Table 3 shows the TOC concentration in the supernatants after desalination and the calculated TOC loss. An example of the measurement data is presented in Fig. 6. The presence of TOC in the supernatants confirms that TOC loss occurred during the desalination process, and this TOC loss amount is used for correction calculations of the TOC content in the dried sample.

Conclusion

This study examined appropriate pretreatment and desalination methods for TOC measurement of salt-containing sediment samples and determined the TOC values. 

The results confirmed that TOC loss occurred in the supernatants during desalination. To accurately determine TOC content, a correction calculation was performed by adding the TOC from both the supernatants and the desalinated dried sample. 

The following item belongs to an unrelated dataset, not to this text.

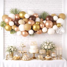 Kit de 50 ballons à gonfler Or & Blanc de différents diamètres. Superbe lot de ballons multicolores pour toutes vos fêtes d'anniversaire ou de Mariage pas cher.

For the sediment sample used in this study, desalination by adding pure water and performing centrifugation proved to be an effective method. Applying the demonstrated desalination process enabled TOC measurement without salt interference. However, depending on sample properties and salt concentration, desalination conditions may require further optimization. (For salt-containing samples, the replacement interval for the detector and cell may be shorter than for normal samples.) 

This study suggests that the TOC solid sample measurement system is effective for TOC measurement in sediments. Furthermore, since the system allows for both liquid and solid TOC measurements by simply adjusting the software settings, it has great potential for applications in aquatic ecosystem studies.